Records from a data collection:
● ● ●
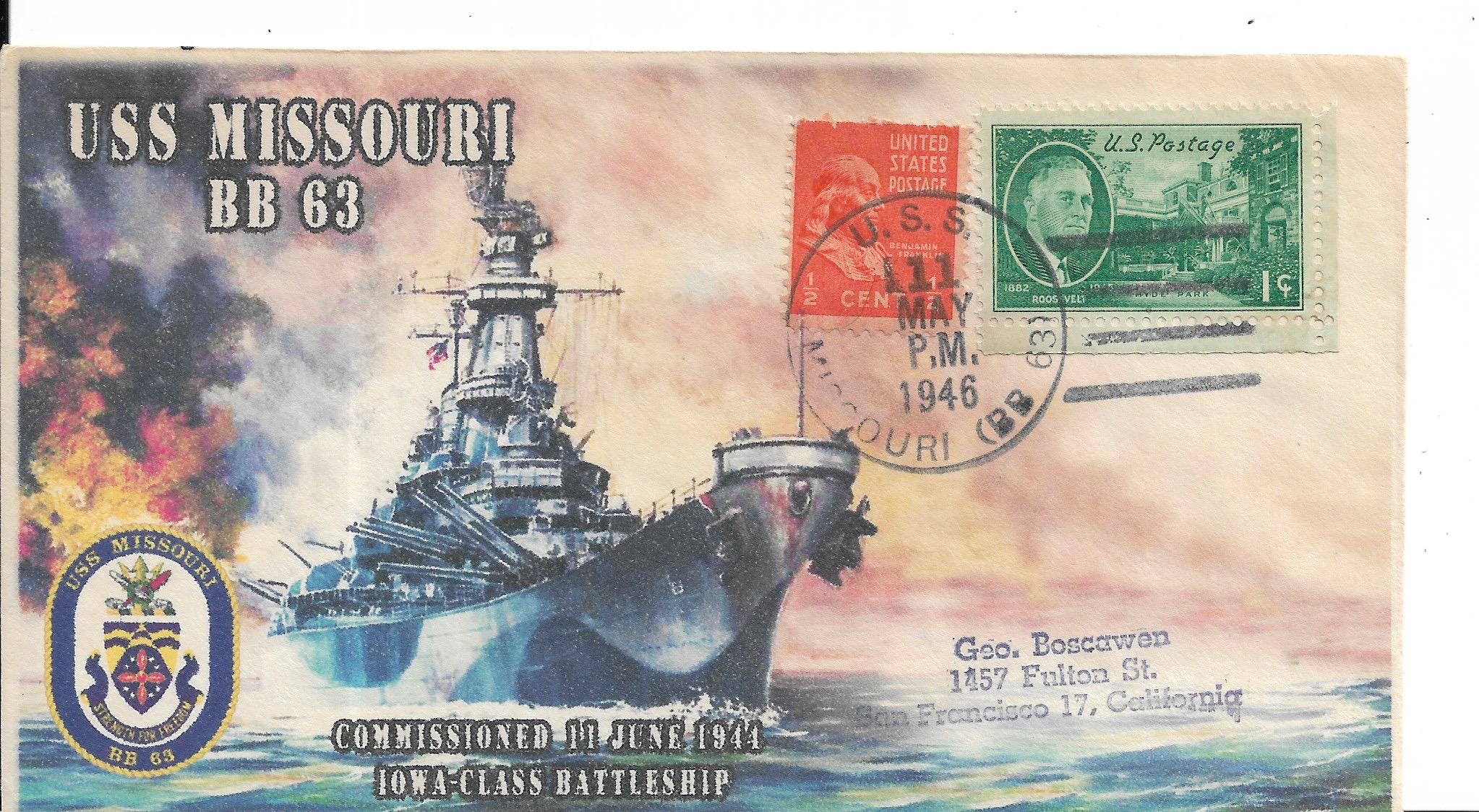 19446 USS Missouri BB-63 to San Francisco, Ca Nice Colorful cachet. Added Sunday, October 12, 2025
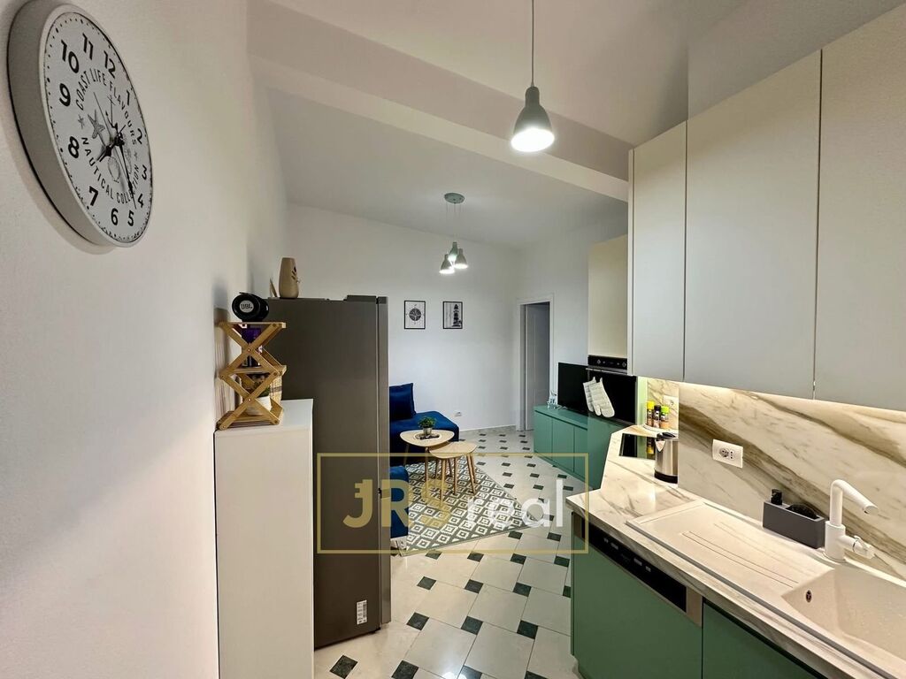 Ve výhradním zastoupení majitele nabízíme k prodeji plně vybavený byt 2+1 v Durrës v Albánii. Byt o vnitřní ploše 81 m² s krásným výhledem na moře se nachází ve 4. patře budovy bez výtahu. Po vstupu do bytu Vás přivítá chodba s pračkou a botníky, z níž je přístup do jedné z ložnic, koupelny a na prostornou terasu. Naproti vchodovým dveřím se nachází hlavní obytná část tvořená obývacím pokojem propojeným s kuchyní. Kuchyňská linka je vybavena vestavěnou myčkou, sklokeramickou varnou deskou a vestavěnou troubou. Obývací pokoj disponuje prostornou pohovkou, konferenčními stolky a televizí. V zadní části této místnosti se nachází vstup do první ložnice, která je vybavena dvoulůžkovou postelí, nočními stolky, úložnou skříňkou a klimatizací. Druhá ložnice, přístupná z chodby, nabízí stejné vybavení. Koupelna je zařízena sprchovým koutem, toaletou a umyvadlem. Velkou předností bytu je terasa, na které se nachází venkovní sprcha, venkovní kuchyňská linka, posezení a gril, což z ní činí ideální místo pro relaxaci i společenské chvíle. Tento byt je vhodný pro rodinné bydlení nebo jako investiční příležitost. V případě zájmu o tuto nemovitost kontaktujte makléře.
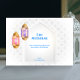 Carte de voeux Ramadan ou Aïd Moubarak, ornée d'une lanterne colorée avec un motif arabe et d'une fenêtre blanche, thème de la célébration et de la fête islamiques. Des paroles contenant des prières pour ceux qui jeûnent pendant le mois du Ramadan. Tout le texte pourrait être facilement customisé.
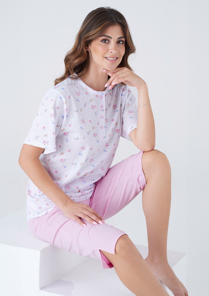 Il pigiama manica corta + pinocchietto donna della linea Karelpiù è un capo di moda perfetto per la donna che ama sentirsi comoda e elegante. Realizzato in 100% cotone, questo pigiama offre una vestibilità aderente e confortevole, valorizzando la silhouette femminile. Il design del pigiama è arricchito da un motivo floreale raffinato, che dona un effetto sofisticato e ricercato. Questo pigiama è ideale per occasioni speciali o per dare un tocco di eleganza al look di tutti i giorni.
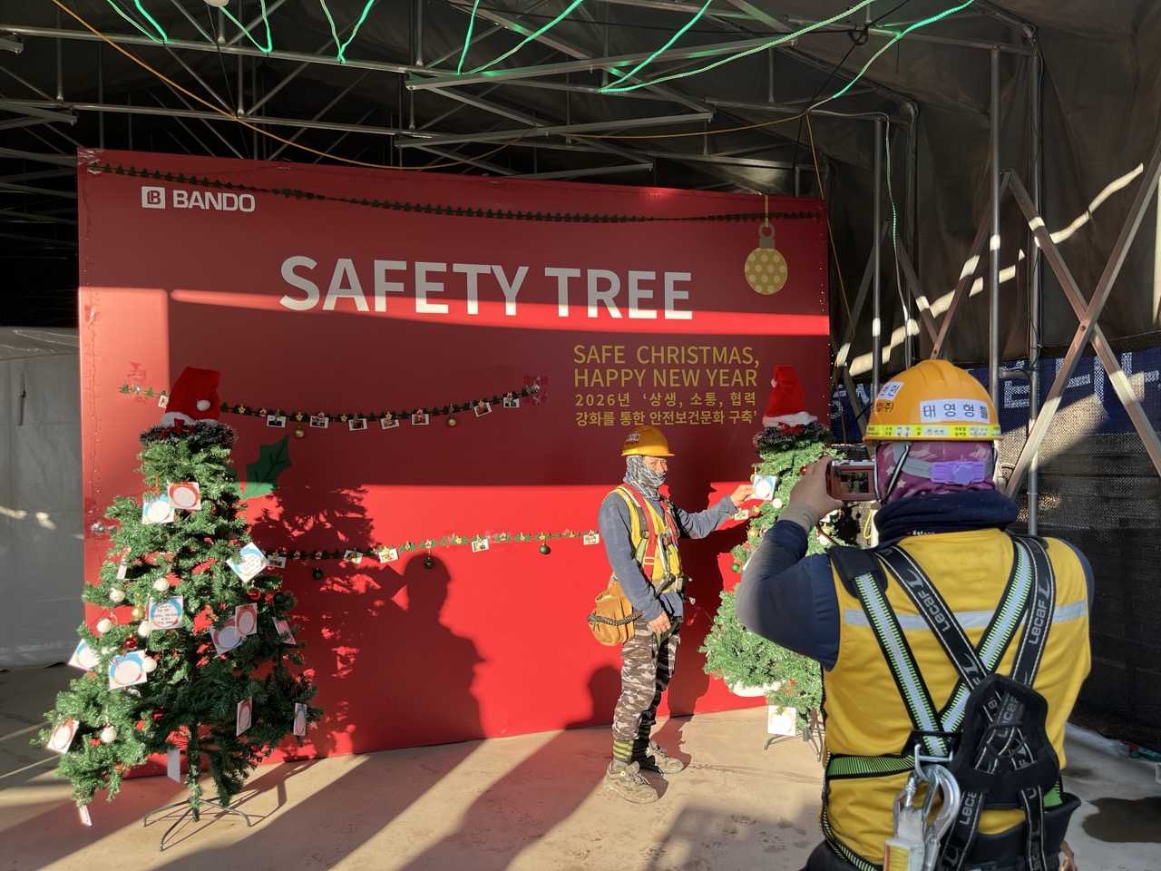 현장을 밝힌 세이프티 트리의 작은 불빛과 트리에 달린 메시지들은 한 해를 무사히 마무리하고 다가오는 새해에도 안전을 이어가고자 하는 현장 구성원들의 마음에 남아 더욱 안전한 반도건설의 2026년을 만들어가는 작은 밑거름이 될 것이다.
● ● ●
■ What to work on ■
Please give an exact copy of the lines from the line containing "Carte de voeux" through the end of the records above, pictures excluded.

■ Result of this exercise ■
 Carte de voeux Ramadan ou Aïd Moubarak, ornée d'une lanterne colorée avec un motif arabe et d'une fenêtre blanche, thème de la célébration et de la fête islamiques. Des paroles contenant des prières pour ceux qui jeûnent pendant le mois du Ramadan. Tout le texte pourrait être facilement customisé.
 Il pigiama manica corta + pinocchietto donna della linea Karelpiù è un capo di moda perfetto per la donna che ama sentirsi comoda e elegante. Realizzato in 100% cotone, questo pigiama offre una vestibilità aderente e confortevole, valorizzando la silhouette femminile. Il design del pigiama è arricchito da un motivo floreale raffinato, che dona un effetto sofisticato e ricercato. Questo pigiama è ideale per occasioni speciali o per dare un tocco di eleganza al look di tutti i giorni.
 현장을 밝힌 세이프티 트리의 작은 불빛과 트리에 달린 메시지들은 한 해를 무사히 마무리하고 다가오는 새해에도 안전을 이어가고자 하는 현장 구성원들의 마음에 남아 더욱 안전한 반도건설의 2026년을 만들어가는 작은 밑거름이 될 것이다.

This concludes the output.